==== Supplied data ====

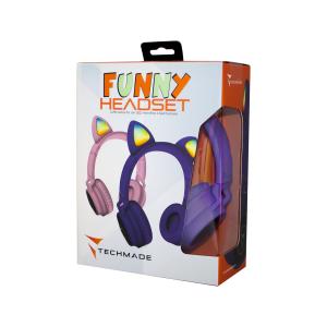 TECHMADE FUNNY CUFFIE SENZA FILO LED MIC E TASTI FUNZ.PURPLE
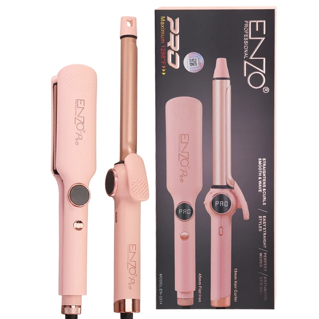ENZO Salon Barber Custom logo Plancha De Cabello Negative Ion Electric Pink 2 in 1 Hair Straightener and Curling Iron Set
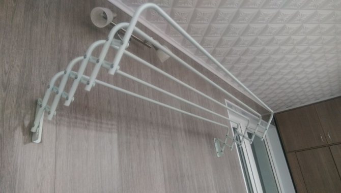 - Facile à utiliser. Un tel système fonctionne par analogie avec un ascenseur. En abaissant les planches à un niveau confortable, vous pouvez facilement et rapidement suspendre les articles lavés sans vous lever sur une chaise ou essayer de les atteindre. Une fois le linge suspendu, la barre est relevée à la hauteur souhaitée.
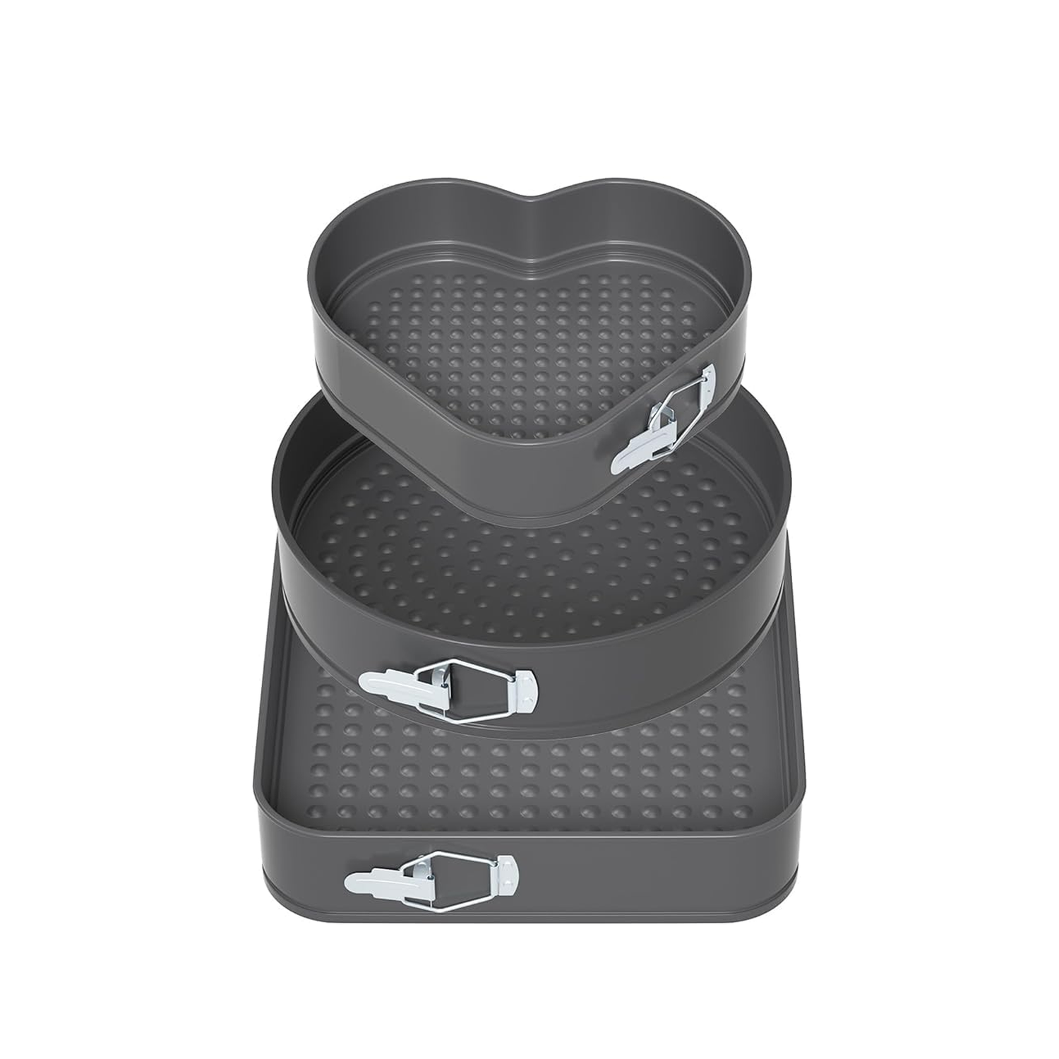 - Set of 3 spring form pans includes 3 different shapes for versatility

====
==== Supplied data ====

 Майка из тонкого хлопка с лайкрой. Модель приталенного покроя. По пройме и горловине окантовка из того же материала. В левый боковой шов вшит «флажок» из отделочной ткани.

====

Activity → Print exactly, with no pictures, the lines above from the one that holds "ENZO Salon Barber" through the one that holds "- Set of 3 spring", both of them included.

Answer space →
ENZO Salon Barber Custom logo Plancha De Cabello Negative Ion Electric Pink 2 in 1 Hair Straightener and Curling Iron Set
 - Facile à utiliser. Un tel système fonctionne par analogie avec un ascenseur. En abaissant les planches à un niveau confortable, vous pouvez facilement et rapidement suspendre les articles lavés sans vous lever sur une chaise ou essayer de les atteindre. Une fois le linge suspendu, la barre est relevée à la hauteur souhaitée.
 - Set of 3 spring form pans includes 3 different shapes for versatility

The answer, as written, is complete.